Mathieu began to think about Sarah.
‘What are you thinking about, Ivich?’ he asked.
She sat for a moment with her mouth open, disconcerted, then she resumed her meditative air and her face again became impenetrable. Mathieu found himself tired of looking at her, the corners of his eyes began to smart.
‘What are you thinking about?’ he repeated.
‘I...’ Ivich shook herself. ‘You’re always asking me that. Nothing definite. Things that can’t be expressed, there are no words for them.’
‘Still — what?’
‘Well, I was looking at that fellow coming towards us, for instance. What do you want me to say? I should have to say: “He’s fat,
he’s wiping his forehead with a handkerchief, he’s wearing a made-up tie” — it’s funny you should force me to tell you all this,’ she said, in sudden disgust and indignation, ‘it isn’t worth saying.’
‘Yes it is — for me. If I could be granted a wish, it would be that you should be compelled to think aloud.’
Ivich smiled involuntarily.
‘That’s morbid,’ she said. ‘Words aren’t meant for that.’

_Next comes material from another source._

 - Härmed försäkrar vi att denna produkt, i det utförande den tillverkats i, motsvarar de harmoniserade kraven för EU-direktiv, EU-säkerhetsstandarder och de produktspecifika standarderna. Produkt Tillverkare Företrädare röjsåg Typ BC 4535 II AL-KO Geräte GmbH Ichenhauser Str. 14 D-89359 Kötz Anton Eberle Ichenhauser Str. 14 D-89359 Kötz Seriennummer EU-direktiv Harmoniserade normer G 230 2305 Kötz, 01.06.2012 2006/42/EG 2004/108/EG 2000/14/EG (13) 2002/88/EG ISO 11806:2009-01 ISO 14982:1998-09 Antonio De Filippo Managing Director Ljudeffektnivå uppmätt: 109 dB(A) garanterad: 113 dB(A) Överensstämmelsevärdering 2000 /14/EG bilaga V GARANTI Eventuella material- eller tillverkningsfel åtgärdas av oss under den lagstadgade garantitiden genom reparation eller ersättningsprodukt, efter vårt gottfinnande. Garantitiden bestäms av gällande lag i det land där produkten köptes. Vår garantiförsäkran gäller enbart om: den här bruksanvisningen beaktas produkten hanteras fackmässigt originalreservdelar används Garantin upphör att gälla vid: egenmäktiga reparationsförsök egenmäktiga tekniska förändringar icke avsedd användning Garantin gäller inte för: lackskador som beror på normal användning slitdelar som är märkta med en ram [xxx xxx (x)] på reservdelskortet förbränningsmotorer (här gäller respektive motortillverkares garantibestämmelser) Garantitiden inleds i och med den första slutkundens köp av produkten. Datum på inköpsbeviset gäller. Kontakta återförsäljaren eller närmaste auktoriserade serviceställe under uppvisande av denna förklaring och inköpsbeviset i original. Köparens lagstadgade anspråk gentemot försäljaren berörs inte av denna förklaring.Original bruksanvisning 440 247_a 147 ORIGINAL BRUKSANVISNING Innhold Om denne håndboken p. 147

‘It’s fantastic, you’ve got a savage’s respect for words: you apparently believe that they were made simply for announcing deaths and marriages, and saying Mass. Besides, you don’t look at people, Ivich, I’ve been watching you. You looked at your hand and then you looked at your foot. Anyway, I know what you’re thinking.’
‘Then why ask? You don’t need to be very clever to guess: I was thinking of the examination.’
‘You’re afraid of being ploughed, is that it?’
‘Of course I’m afraid of being ploughed. Or rather — no, I’m not afraid I know I’m ploughed.’
Mathieu again sensed the savour of catastrophe in his mouth: ‘If she is ploughed, I shan’t see her again.’ She would certainly be ploughed: that was plain enough.
‘I won’t go back to Laon,’ said Ivich desperately. ‘If I go back to Laon after having been ploughed, I’ll never get away again. They told me it was my last chance.’
She fell to tugging at her hair again.
‘If I had the courage —’ she faltered.
‘What would you do?’ asked Mathieu anxiously.
‘Anything and everything rather than go back to that place, I won’t spend my life there. I just won’t!’